Harold O. J. Brown has led a distinguished academic career, and now serves as a professor of theology at Reformed Theological Seminary in Charlotte, North Carolina. He is the author of many books, most recently The Sensate Culture (Word, 1996), and as the editor of The Religion and Society Report, Professor Brown has relentlessly exposed the folly of Western society's anti-life drift.

Leith Anderson is pastor of Wooddale Church in Eden Prairie, Minnesota. Anderson is one of the most respected pastors and leaders in America, having also served as interim president of Denver Seminary and the National Association of Evangelicals. He is the author of many books, most recently Leadership That Works: Hope and Direction for Church and Parachurch Leaders in Today's Complex World (Bethany, 2002).

These two articles came to us separately. The authors did not see each other's manuscripts ahead of time, and so are not debating one another. Nor are these essays intended to be finely reasoned theological or sociological arguments. While they offer arguments, they distill moods shaped by the authors' years of passionate involvement in trying to shape American culture for Christ. —The Editors

From all that terror teaches, from lies of tongue and pen,
From all the easy speeches that comfort cruel men,
From sale and profanation of honor and the sword,
From sleep and from damnation, deliver us, good Lord.

—G. K. Chesterton

Our nation has lived for three decades with what must be the greatest lie "of tongue and pen" of the 20th century, handed solemnly down by seven unelected justices of the U.S. Supreme Court: "We do not know when human life begins." The conclusion that the justices drew in Roe v. Wade was unwarranted, namely, because if we say that we do not know whether human life has begun, we may allow its termination at any time up to the undeniable birth of a live baby. Now, three decades later, we have perhaps 42 million fewer Americans, of which perhaps 15 or 16 million would be between the ages of 18 and 30 today. The lie must comfort the cruel men-and the women too, now-who give us leave to terminate life prior to birth, at will.

While our nation plans great things for the world-democracies in the Middle East, peace between Israel and the Palestinians, no more weapons of mass destruction (other than in our own hands or in the hands of those too powerful for us to oppose), prescription drugs for older people, no child left behind (of those who succeed in being born)-the number of us who will enjoy those great things is declining, thanks in large part to abortion, as European and American births drop below the replacement rate.

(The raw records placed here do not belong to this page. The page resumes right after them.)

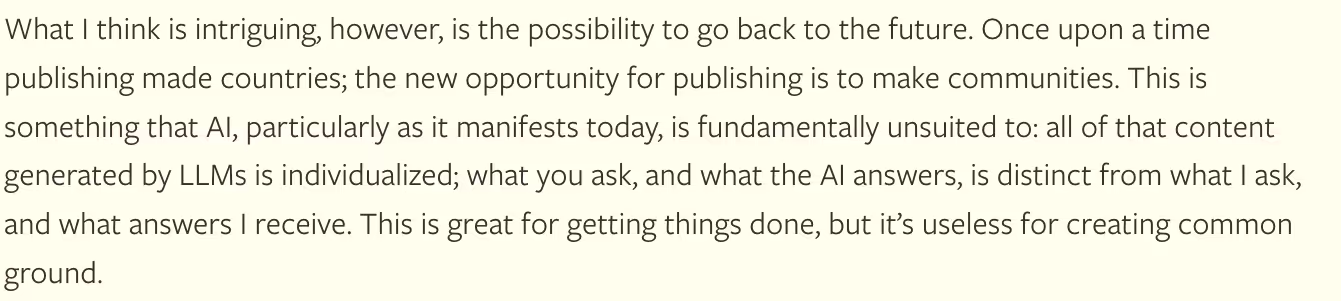 - Content–first plays. One of these things you cannot unsee once you start building yours. Simas started Bloom Labs writing about biodiversity credits. Austejos blogas was already super popular before the launch of the first kindergarten (reputation + lead gen). Mokesciu sufleris is another smart model: monetising information when it is both high-value + updates at high-frequency (certainly Jim VandeHei building Politico Pro was genius move in this). To put things into AI perspective, Ben Thompson just dropped a great piece, called Content and Community.
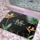 Tapis De Bain Monogramme de feuillage floral tropical Noir
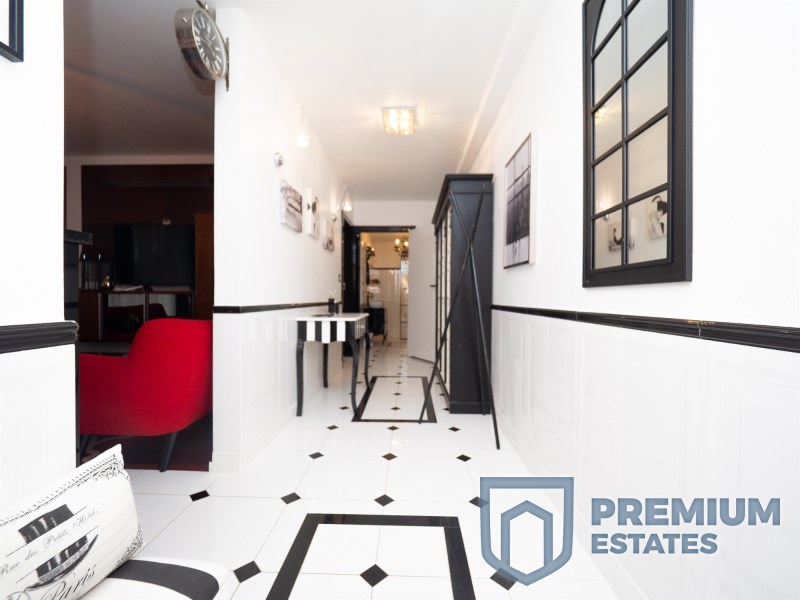 The apartment is located on the ground floor and has been decorated in an elegant black-and-white color scheme with red accents. The interior was designed with attention to every detail, using the highest quality materials and appliances.

What is going on here? In his 1978 Harvard Commencement address, Aleksandr Solzhenitsyn uttered words that have made him forever politically incorrect: "Men have forgotten God." In the United States, a large majority of the population is associated with Christianity, and a substantial minority calls itself practicing, observant, "evangelical," "born again," or otherwise conservatively Christian. God is not forgotten on Sunday, not in the churches, great and small, that dot the landscape. But otherwise?